Людовик IX Святой
Шрифт:
И, несомненно, главное — новая география загробного мира и модификация вследствие этого верований и практики, связанных со смертью, лучше всего способствуют утверждению индивидуума. Господь будет решать в самый момент смерти, предстоит ли покойному пройти через чистилище, через это новое место загробного мира, отныне имеющее собственную территорию, ибо чистилище будет существовать лишь до конца времен, и Господь не будет больше ожидать Страшного суда, чтобы отправить умершего в ад или в рай; он должен сразу определить место пребывания для его души, в отдельных случаях временное. Момент, который становится решающим для вечного спасения или проклятия, — это самый момент смерти, смерти индивидуума [907] . Но я не вполне согласен с А. Я. Гуревичем, который полагает, что вера в чистилище оторвала индивидуума от общности в целом [908] . Сокращение срока пребывания в чистилище зависело от помощи, оказываемой близкими умершего, пребывающего в чистилище, молитвами, мессами и подаяниями. Таким образом, образуются новые связи между живыми и мертвыми и усиливается значение, наряду с кровной семьей, семей духовных или искусственных: монашеских орденов, братств и т. д. Между индивидуумом и группами, с которыми он связан, устанавливается новое равновесие. Именно в таком равновесии протекала жизнь Людовика Святого.
907
Le Goff J. La Naissance du Purgatoire…
908
Gourevic A. Conscience individuelle et image de l’au-dela au Moyen Age…
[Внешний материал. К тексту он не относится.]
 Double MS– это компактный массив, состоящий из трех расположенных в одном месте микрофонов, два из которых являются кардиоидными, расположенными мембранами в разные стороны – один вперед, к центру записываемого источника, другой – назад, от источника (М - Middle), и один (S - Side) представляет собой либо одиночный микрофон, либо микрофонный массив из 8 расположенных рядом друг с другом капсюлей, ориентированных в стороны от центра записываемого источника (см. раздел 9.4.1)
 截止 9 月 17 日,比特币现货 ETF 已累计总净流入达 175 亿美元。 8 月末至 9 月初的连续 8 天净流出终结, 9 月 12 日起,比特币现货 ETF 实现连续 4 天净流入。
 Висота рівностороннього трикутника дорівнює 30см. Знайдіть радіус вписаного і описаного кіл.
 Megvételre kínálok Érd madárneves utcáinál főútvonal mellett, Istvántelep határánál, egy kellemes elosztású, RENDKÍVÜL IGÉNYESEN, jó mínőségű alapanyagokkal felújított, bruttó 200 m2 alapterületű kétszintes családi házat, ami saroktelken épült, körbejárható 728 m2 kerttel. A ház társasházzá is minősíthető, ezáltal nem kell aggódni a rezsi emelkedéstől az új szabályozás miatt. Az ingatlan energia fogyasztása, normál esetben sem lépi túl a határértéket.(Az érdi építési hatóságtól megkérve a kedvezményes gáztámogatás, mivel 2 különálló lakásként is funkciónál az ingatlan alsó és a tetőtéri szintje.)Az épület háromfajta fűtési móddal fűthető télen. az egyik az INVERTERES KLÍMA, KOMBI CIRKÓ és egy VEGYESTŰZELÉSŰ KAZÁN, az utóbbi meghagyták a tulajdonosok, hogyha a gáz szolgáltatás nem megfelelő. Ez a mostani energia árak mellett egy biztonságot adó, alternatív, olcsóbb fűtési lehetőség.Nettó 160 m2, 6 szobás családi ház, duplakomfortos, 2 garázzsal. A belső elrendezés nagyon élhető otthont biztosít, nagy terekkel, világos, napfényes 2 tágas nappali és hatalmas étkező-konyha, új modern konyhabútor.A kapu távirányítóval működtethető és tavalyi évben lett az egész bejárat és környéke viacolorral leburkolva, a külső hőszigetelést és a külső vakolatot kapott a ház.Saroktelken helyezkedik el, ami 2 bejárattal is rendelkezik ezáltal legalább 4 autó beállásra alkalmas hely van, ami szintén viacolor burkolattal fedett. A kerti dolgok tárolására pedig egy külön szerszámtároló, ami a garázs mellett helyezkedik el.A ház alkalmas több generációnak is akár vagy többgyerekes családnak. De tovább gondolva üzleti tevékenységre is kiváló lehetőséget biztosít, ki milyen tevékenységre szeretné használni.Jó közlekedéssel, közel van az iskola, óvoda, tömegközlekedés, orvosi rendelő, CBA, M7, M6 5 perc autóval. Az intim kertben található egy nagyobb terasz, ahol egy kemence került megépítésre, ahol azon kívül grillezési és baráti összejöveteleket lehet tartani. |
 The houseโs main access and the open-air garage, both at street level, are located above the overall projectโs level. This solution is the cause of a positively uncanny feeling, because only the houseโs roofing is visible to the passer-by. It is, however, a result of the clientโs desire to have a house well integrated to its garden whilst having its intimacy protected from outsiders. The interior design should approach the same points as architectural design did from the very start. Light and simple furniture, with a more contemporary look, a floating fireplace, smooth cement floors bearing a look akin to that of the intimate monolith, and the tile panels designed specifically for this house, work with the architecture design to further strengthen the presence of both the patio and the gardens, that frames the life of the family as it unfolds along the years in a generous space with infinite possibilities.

Лучшее слово, характеризующее одновременное пробуждение «я-moi» и «я-je», есть, несомненно, совесть [909] . Испытание совести, дела совести стали реальностями ХIII века. Не раз обращалось внимание на то, как, осуществляя свою власть, например посылая ревизоров, французские короли ХIII–XIV веков прислушивались к своей совести и хотели быть в ладу с нею, и она, эта совесть, должна была обеспечить им личное спасение и спасение их народа. И в этом снова смыкаются индивидуум и общность. Изо всех этих королей самой больной совестью обладал Людовик Святой.
909
Chenu M.-D. L’Eveil de la conscience dans la civilisation medievale…;
Strayer J. R. La conscience du roi // Melanges R. Aubenas. Montpellier, 1974;
Brown E. A. R. Taxation and Morality in the XlIIth and XIVth Centuries: Conscience and Political Power and the Kings of France // French Historical Studies. 1973. Vol. 8. P. 1—28.
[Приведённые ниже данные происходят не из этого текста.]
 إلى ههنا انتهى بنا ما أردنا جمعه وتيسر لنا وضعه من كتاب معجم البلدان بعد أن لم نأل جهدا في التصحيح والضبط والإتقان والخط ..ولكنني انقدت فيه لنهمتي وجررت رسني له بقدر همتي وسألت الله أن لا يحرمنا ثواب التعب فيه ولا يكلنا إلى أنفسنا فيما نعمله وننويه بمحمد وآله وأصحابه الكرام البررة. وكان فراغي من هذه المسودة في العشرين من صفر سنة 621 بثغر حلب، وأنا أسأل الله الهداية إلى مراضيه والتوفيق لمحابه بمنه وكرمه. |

Такое давление индивидуума на модель, на то, что Фома Челанский называл в связи с Франциском Ассизским forma, в смысле «литейной формы», испытывают и агиографы, иногда поддающиеся этому, которые знали короля (а его исповедник Жоффруа де Болье знал его и как приближенный, и как доверенное лицо «внутреннего человека») и которые слышали о нем от его близких, — это случай Гийома де Сен-Патю, исповедника королевы, обращавшегося к досье канонизации и к содержащимся в нем свидетельствам.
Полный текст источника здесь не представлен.